Using the listing below, output only the lines from the one that contains "Την Κυριακή 9" through the one that contains "Ταρτάρ ωμού χελιού με καπόνατα μελιτζάνας", inclusive, exactly as given and without images.

▶ **Entries provided**
______
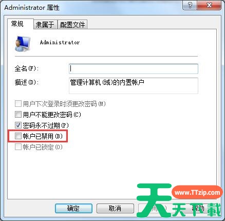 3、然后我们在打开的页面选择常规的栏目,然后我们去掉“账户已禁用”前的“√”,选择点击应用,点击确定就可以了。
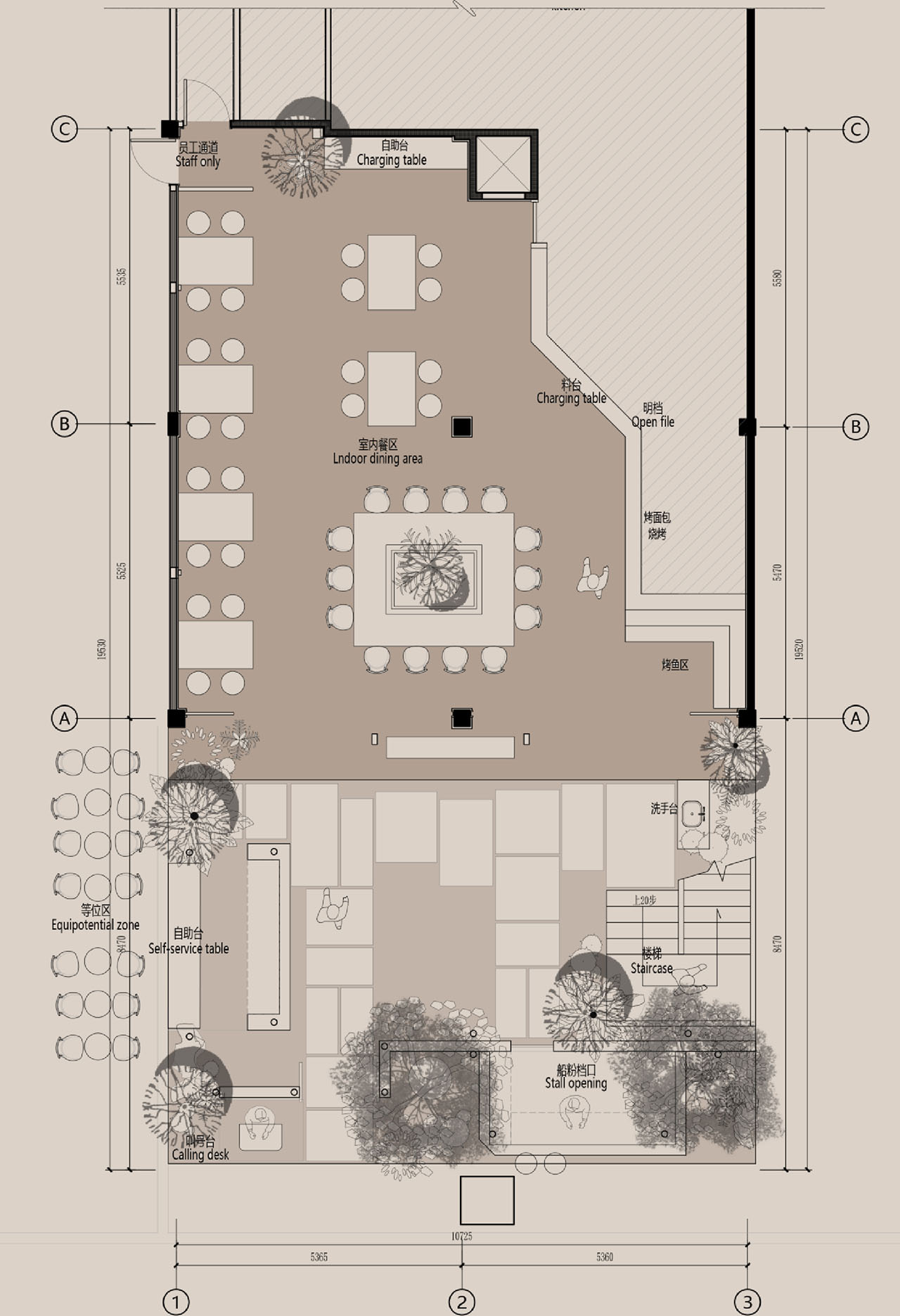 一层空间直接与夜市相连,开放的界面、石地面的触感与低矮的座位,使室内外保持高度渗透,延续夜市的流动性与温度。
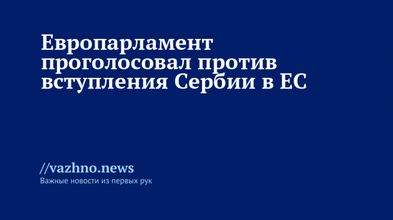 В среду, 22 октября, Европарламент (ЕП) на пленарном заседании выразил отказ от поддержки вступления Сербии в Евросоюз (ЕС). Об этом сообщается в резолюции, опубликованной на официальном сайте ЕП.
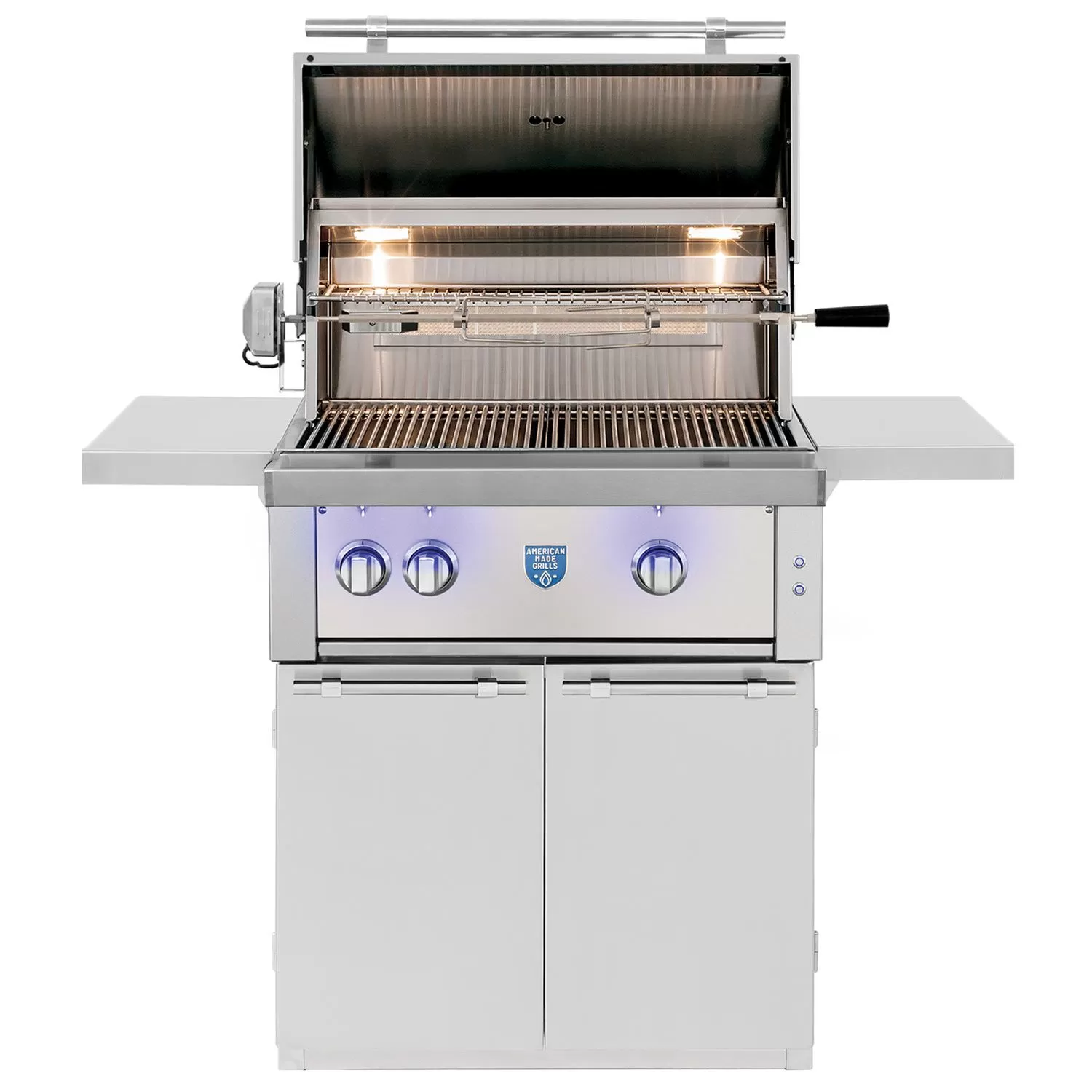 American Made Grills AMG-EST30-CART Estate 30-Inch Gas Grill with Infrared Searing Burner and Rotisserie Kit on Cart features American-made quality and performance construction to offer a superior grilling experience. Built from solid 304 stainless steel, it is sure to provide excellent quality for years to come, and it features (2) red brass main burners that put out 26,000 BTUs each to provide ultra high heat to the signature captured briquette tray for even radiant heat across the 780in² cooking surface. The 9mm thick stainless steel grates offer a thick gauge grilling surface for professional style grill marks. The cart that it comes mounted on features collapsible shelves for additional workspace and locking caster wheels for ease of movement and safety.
______
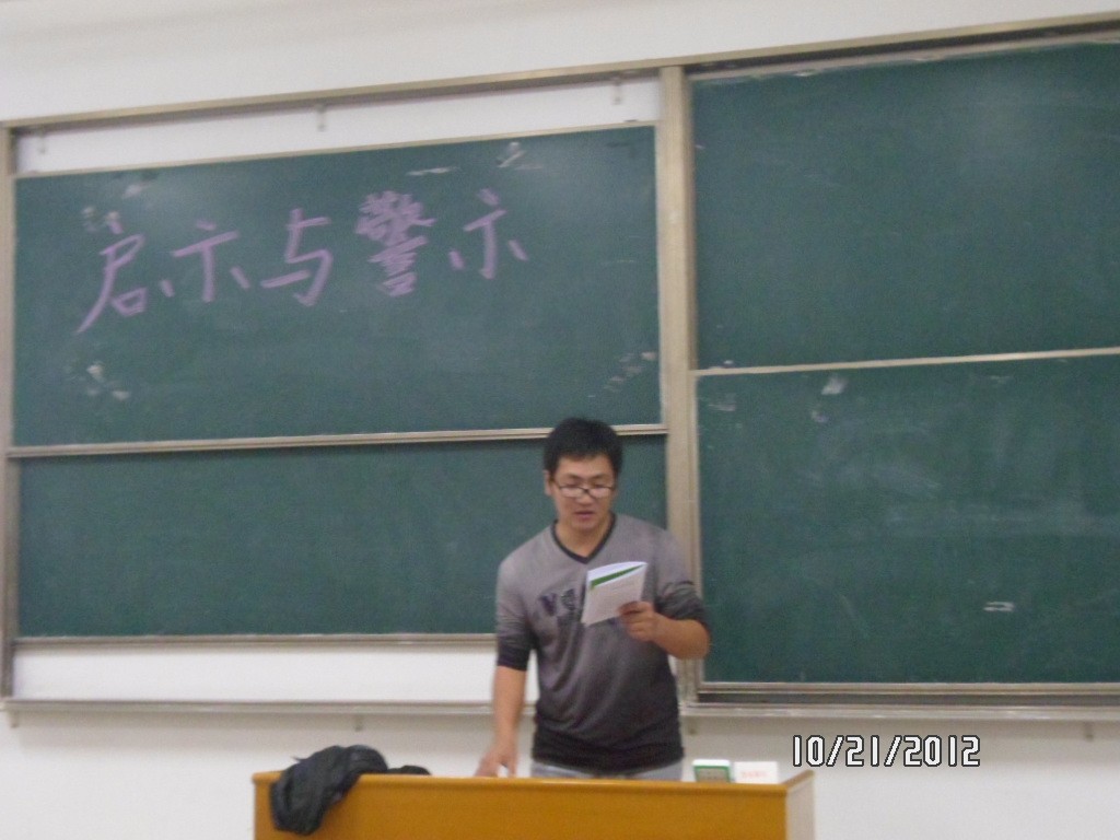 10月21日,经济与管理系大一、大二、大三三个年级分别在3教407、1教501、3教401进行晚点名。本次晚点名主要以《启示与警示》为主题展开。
______
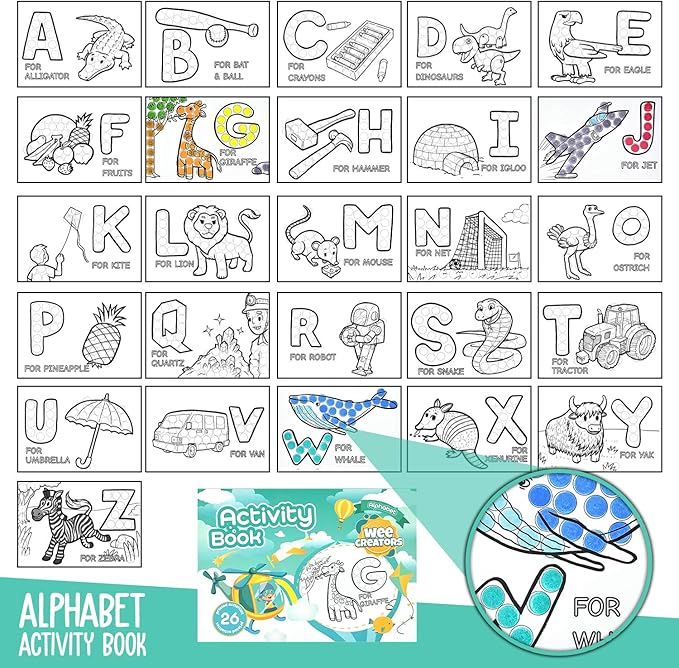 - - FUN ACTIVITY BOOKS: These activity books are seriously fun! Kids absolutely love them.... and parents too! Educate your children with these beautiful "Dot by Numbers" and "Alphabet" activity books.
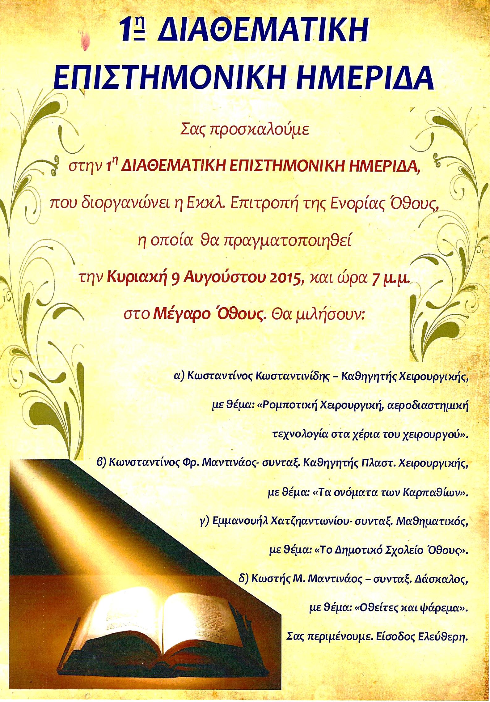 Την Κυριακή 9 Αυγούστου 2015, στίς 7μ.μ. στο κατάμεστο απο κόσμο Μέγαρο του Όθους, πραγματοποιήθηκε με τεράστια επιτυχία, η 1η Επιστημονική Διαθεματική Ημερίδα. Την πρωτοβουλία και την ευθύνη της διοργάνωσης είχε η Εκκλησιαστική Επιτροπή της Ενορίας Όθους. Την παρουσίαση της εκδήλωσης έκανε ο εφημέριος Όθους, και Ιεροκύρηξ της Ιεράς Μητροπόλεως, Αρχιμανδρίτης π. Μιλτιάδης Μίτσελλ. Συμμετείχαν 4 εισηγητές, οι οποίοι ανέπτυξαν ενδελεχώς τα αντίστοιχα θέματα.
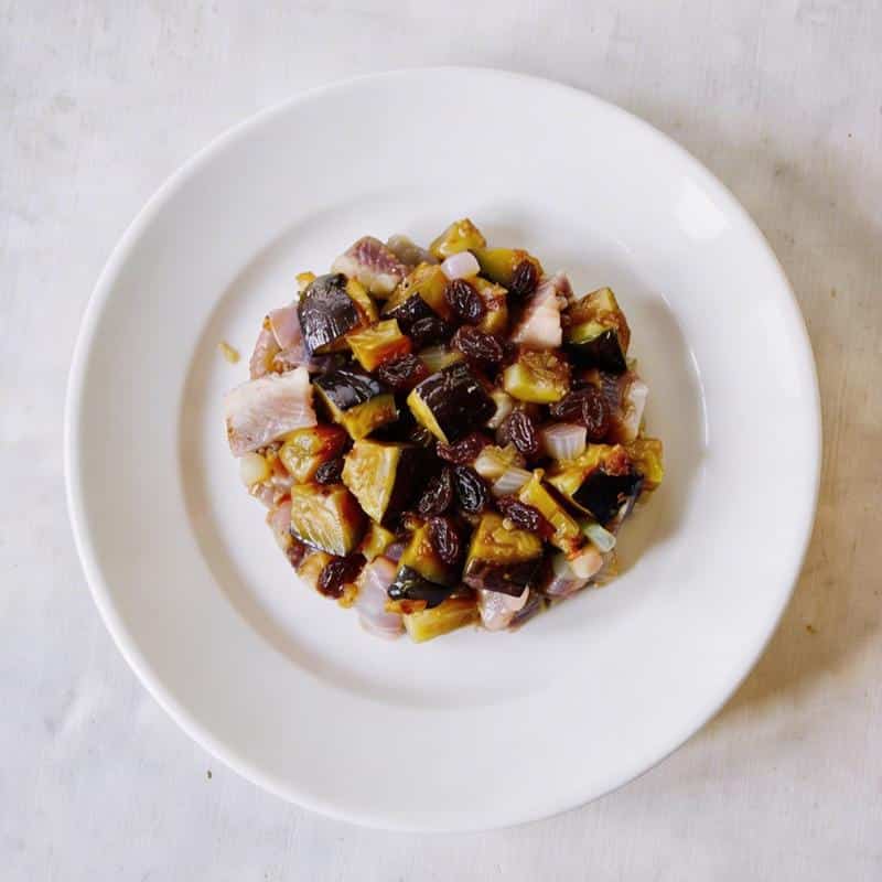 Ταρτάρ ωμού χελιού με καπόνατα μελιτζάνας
______
▶ **Output**
 Την Κυριακή 9 Αυγούστου 2015, στίς 7μ.μ. στο κατάμεστο απο κόσμο Μέγαρο του Όθους, πραγματοποιήθηκε με τεράστια επιτυχία, η 1η Επιστημονική Διαθεματική Ημερίδα. Την πρωτοβουλία και την ευθύνη της διοργάνωσης είχε η Εκκλησιαστική Επιτροπή της Ενορίας Όθους. Την παρουσίαση της εκδήλωσης έκανε ο εφημέριος Όθους, και Ιεροκύρηξ της Ιεράς Μητροπόλεως, Αρχιμανδρίτης π. Μιλτιάδης Μίτσελλ. Συμμετείχαν 4 εισηγητές, οι οποίοι ανέπτυξαν ενδελεχώς τα αντίστοιχα θέματα.
 Ταρτάρ ωμού χελιού με καπόνατα μελιτζάνας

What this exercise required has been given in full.